As with most research, there was not one ‘aha’ moment. Blobel fretted about ugly facts that could destroy his beautiful hypothesis. Perhaps the protein did not enter the secretory pathway, it was just stuck on the outside? Maybe the tests he was using to determine whether the protein entered the pathway were faulty? Two papers, published with cell biologist Bernhard Dobberstein in the Journal of Cell Biology in 1975, set out crucial experimental evidence amid a flurry of controls.
The assays Blobel had developed using mainly mammalian components were quickly used to identify the signals that dispatch proteins to other cell compartments — such as mitochondria, and to chloroplasts in plant cells — and to identify similar systems in yeast and bacteria. The assays were applied to proteins to be secreted and those that would end up spanning membranes. The system was highly conserved: a mixture of human mRNA encoding a secretory protein, ribosomes from rabbit blood and membranes from yeast could synthesize the human protein. The impact of Blobel’s work cannot be overstated.
Blobel’s career was filled with audacious speculations. “I always imagined how things would be,” he once said. For him, the thrill was the experimental chase. Yet he cautioned trainees to be ready to abandon their fantasies, “when data come which aren’t compatible”. His speculations concerned the regulation of gene expression, the channels through which proteins crossed membranes and the pores that are the gateway into the cell’s nucleus.
When necessary for his work, he learnt yeast genetics, modern structural biology and electrophysiology. Inured to the ridicule of his speculations, he once said, “There is an internal revolt in me against conforming. After the war, my family lived in East Germany and that taught me that truth is the most holy and important thing in life.”
Blobel grew up in the Silesian village of Waltersdorf, where his father was a veterinary surgeon. As the Second World War was drawing to its end, when Blobel was 9, his family fled west, passing through Dresden. It was his first exposure to a big city. As an adult, he often recalled being entranced by the many spires and the magnificent cupola of the Frauenkirche. A few days later, he saw fire-bombing bring the church and city to ruin.
Blobel studied medicine in Germany, but grew frustrated that it treated symptoms rather than the causes of disease. He emigrated to the United States to do a PhD with Van R. Potter at the University of Wisconsin–Madison. There he succeeded in isolating the nucleus, which he investigated throughout his career with infectious enthusiasm. In his last years in the lab, he proposed large changes in the structures of the pores that regulate the passage of material in and out of the nucleus. He dubbed these changes ‘the ring cycle’, in tribute to the Wagnerian operas he enjoyed on rare outings from the Rockefeller campus.

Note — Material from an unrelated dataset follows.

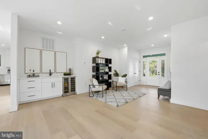 Step inside to a bright and airy open floor plan, highlighted by soaring 9-foot ceilings and abundant natural light. The main level boasts a stunning modern kitchen with an expansive mitered-edge island, high-end stainless steel appliances, a pot filler, walk-in pantry, and elegant designer cabinetry—perfect for both everyday meals and hosting gatherings. Across from the kitchen, the family room features a cozy gas fireplace and a wet bar with a beverage center, creating an inviting space for entertaining. A main-level bedroom with a private en suite bath offers ideal guest accommodations or a comfortable home office.
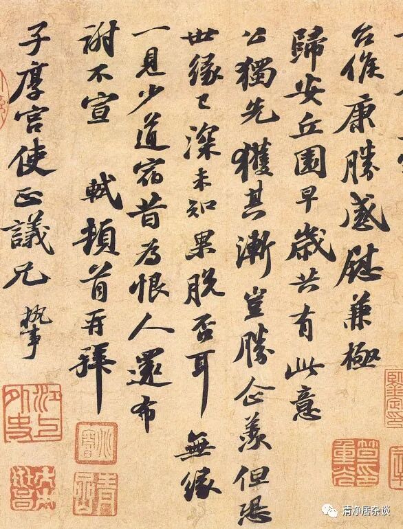 岳飞的书法学苏轼,字体横划取斜势,即“东坡体”。此三篇为行书,字字墨酣笔畅,朴茂无华,并无赝品中剑拔弩张的那种戾气。是一件非常珍贵的书法佳作,这才是岳飞书法的真实面貌。

Blobel was passionate about architecture — of cities as well as of cells. He donated his US$960,000 Nobel winnings to two extraordinary projects: the rebuilding of the bombed Frauenkirche, and of the Dresden synagogue, destroyed on Kristallnacht.
Debonair and jovial, Blobel appreciated repartee and a well-told tale. His wife, Laura Maioglio, was a frequent participant in Blobel lab functions and scientific affairs at Rockefeller. And Blobel held court in her famed restaurant on Broadway, Barbetta, debating literature, design, music and, of course, science. There, with his shock of white hair and emphatic gestures, he did recall the alchemists of old. Fittingly, his wizardry transformed our understanding of the cell.